▶ **Exercise goal**
Pictures in the material below are to be left out, and only the lines from the line with "打开Linux工具箱,设置 swap/虚拟内存 4096MB,swap" up to and including the line with "The Hay Street" are to be written out exactly.

▶ **Available data**
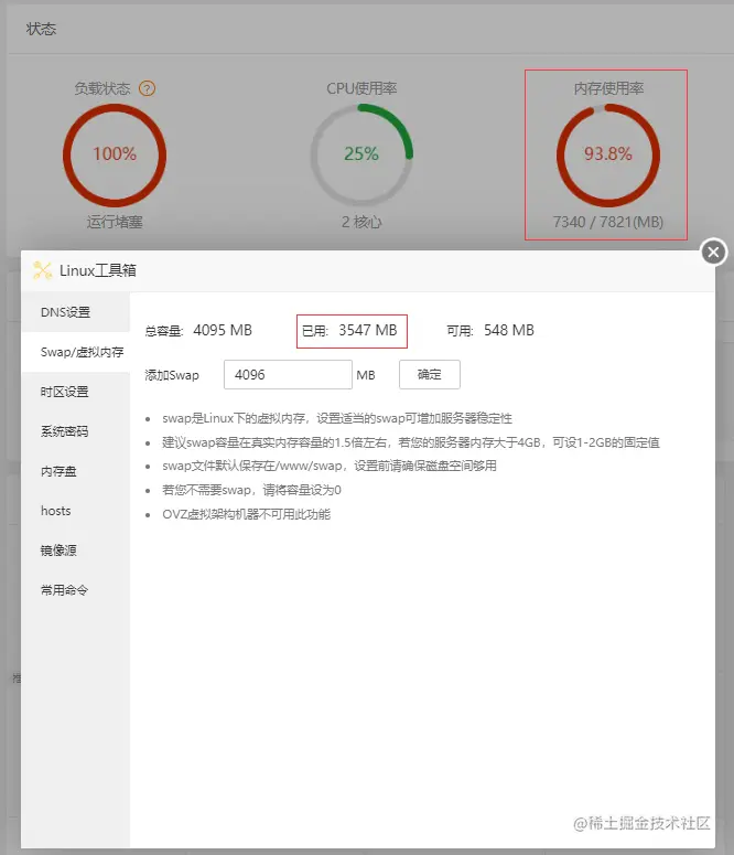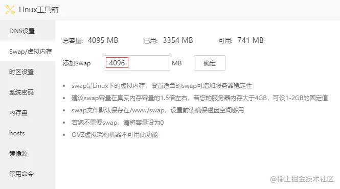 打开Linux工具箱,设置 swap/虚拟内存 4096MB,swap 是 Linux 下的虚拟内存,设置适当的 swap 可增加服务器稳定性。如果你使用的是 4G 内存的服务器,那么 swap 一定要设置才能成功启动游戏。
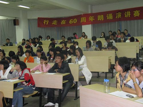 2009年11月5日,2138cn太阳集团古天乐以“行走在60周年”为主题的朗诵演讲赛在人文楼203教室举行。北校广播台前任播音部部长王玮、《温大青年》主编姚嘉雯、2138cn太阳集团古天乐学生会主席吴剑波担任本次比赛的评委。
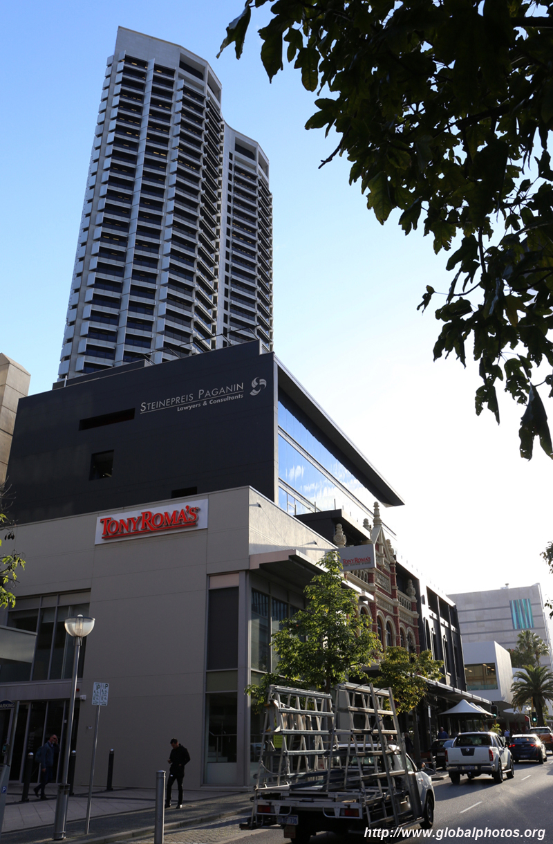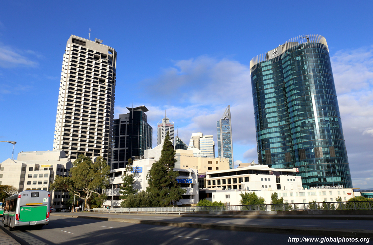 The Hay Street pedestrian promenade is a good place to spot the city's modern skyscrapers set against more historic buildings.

==

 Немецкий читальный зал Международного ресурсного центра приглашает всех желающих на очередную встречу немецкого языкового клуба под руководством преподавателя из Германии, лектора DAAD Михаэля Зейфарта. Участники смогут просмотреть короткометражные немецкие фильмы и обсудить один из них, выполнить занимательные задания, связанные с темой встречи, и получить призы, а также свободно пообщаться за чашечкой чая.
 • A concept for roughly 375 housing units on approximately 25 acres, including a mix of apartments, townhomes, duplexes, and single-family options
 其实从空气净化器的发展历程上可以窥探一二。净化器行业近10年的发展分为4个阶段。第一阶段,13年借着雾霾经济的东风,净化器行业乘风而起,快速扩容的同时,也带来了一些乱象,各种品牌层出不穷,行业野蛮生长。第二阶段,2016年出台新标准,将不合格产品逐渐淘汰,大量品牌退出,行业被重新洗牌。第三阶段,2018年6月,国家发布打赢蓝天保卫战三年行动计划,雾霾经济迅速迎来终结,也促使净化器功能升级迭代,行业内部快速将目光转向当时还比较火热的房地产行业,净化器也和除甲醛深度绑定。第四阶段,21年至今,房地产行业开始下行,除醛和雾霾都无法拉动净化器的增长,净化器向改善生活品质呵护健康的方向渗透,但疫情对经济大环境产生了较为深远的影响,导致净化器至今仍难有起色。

* * *

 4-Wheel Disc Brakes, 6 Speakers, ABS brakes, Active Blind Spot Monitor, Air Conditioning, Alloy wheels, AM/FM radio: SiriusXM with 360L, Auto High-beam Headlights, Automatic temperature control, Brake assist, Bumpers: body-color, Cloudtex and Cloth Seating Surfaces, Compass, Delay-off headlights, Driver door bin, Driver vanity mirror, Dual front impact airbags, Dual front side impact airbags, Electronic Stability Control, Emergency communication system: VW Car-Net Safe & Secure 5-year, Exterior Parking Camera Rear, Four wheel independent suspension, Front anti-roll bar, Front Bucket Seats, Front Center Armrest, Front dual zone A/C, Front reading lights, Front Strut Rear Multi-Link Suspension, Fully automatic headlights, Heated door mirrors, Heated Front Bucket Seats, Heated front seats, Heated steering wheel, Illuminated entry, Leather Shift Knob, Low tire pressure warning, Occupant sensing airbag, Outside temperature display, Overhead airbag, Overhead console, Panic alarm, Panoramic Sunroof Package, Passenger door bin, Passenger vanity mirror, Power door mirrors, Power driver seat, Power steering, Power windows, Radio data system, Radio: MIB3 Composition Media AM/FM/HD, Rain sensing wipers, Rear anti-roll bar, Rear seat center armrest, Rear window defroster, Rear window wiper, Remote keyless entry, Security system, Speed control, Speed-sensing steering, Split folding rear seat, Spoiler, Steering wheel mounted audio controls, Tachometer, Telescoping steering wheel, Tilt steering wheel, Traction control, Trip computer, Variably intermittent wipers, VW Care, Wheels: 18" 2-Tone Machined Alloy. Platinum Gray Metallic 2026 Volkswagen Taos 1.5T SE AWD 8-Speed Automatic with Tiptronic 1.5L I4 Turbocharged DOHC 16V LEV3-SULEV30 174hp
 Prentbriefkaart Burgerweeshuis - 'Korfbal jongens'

▶ **Your solution**
 打开Linux工具箱,设置 swap/虚拟内存 4096MB,swap 是 Linux 下的虚拟内存,设置适当的 swap 可增加服务器稳定性。如果你使用的是 4G 内存的服务器,那么 swap 一定要设置才能成功启动游戏。
 2009年11月5日,2138cn太阳集团古天乐以“行走在60周年”为主题的朗诵演讲赛在人文楼203教室举行。北校广播台前任播音部部长王玮、《温大青年》主编姚嘉雯、2138cn太阳集团古天乐学生会主席吴剑波担任本次比赛的评委。
 The Hay Street pedestrian promenade is a good place to spot the city's modern skyscrapers set against more historic buildings.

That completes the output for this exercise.